Q: What should we do if we encounter out-of-memory (OOM) errors?
A: If you experience OOM issues, consider reducing the batch size (bs
). To maintain an equivalent total batch size, you can adjust the gradient_accumulation_steps
setting. This approach allows you to manage memory usage effectively while still processing the desired amount of data per training step.
Q: How can we determine the maximum length for our training data, and what if we do not want to train the vision encoder?
A: I recommend using this function here to sample the length of your training data. Note that the input_ids
length includes the image portion. Once you determine the maximum length, you can specify it in the startup command using --model_max_length xxx
.
Additionally, if you prefer not to train the vision encoder, you can add --tune_vision false
to your command.
Q: How can we adjust training hyperparameters when using LoRA to train our model?

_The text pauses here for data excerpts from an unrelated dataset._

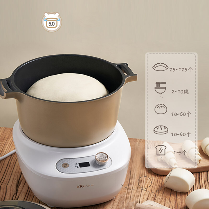 - Tô trộn của Máy nhồi và ủ bột, nồi ủ và nhồi bột bear HMJ-A50E2 model mới của hãng máy BEARcó dung tích lớn lên đến 5L được làm bằng chất liệu inox 304 chắc chắn, bền bỉ, an toàn và không làm hao bột.
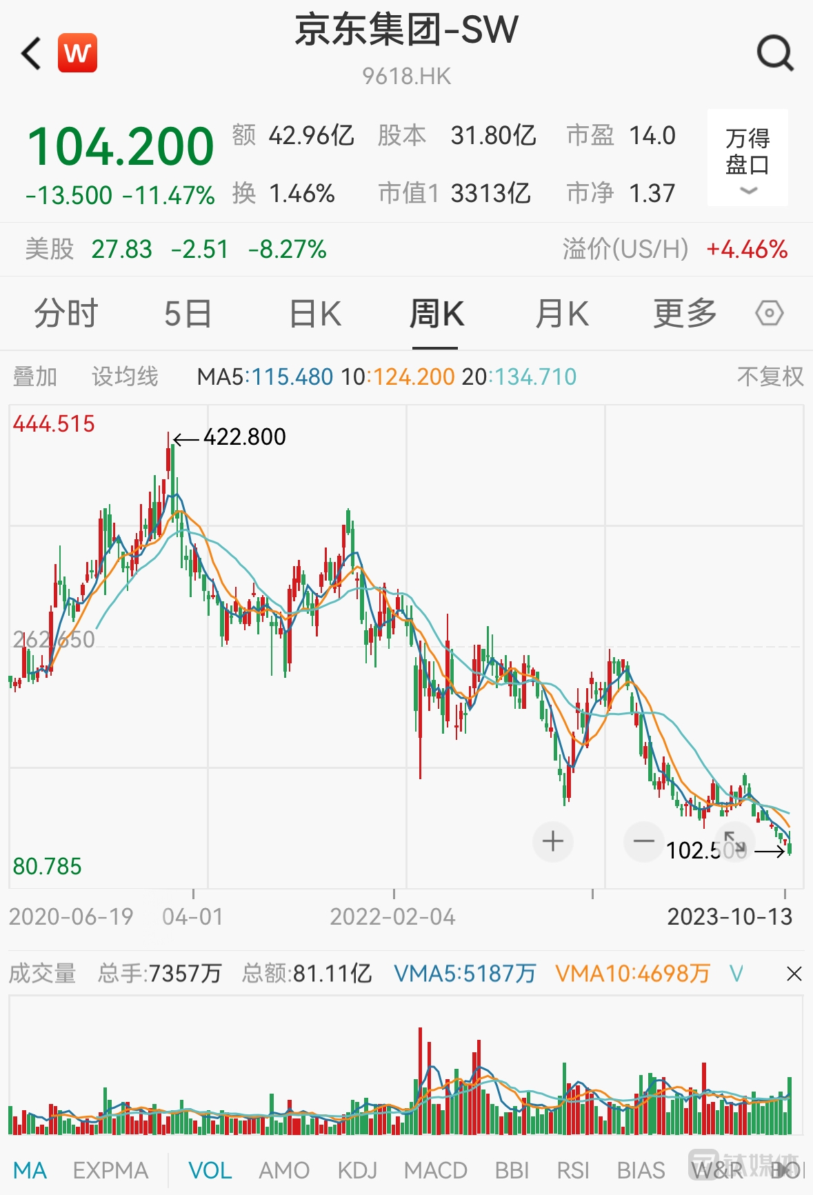 截至10月13日港股收盘,京东集团-SW股价报收104.2港元,跌11.47%,成交额为42.96亿港元,当前公司总市值约3313.22亿港元。
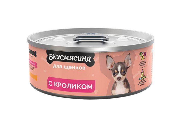 Вкусмясина Влажный корм Консервы для Щенков с Кроликом (цена за упаковку) 100г х 6шт
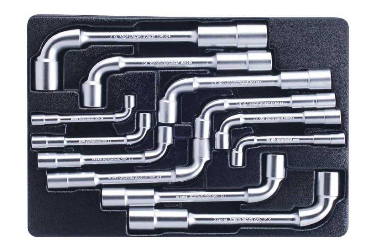 Набор торцевых L-образных ключей, ложемент 12шт KING TONY 9-1812MR используется для работы с шестигранным крепежом при сборке или демонтаже различных конструкций, механизмов и агрегатов. Особая геометрия ключей позволяет использовать их в местах с ограниченным доступом, например, в углублениях и пр. Инструменты имеют пожизненную гарантию, подходят для профессиональных работ. Каждый компонент располагается на специальном ложементе, который разработан специально для размещения в инструментальной тележке.

A: You can refer to the LoRA documentation for guidance on adjusting your training hyperparameters when using LoRA. This documentation provides detailed information on configuring various parameters specific to the LoRA adaptation technique.
To tailor the training process according to your specific requirements, you can adjust various hyperparameters. For comprehensive documentation on available hyperparameters and their functionalities, you can refer to the official Transformers documentation and Lora documentation. Experimentation and fine-tuning of these parameters are essential for achieving optimal model performance tailored to your specific task and dataset.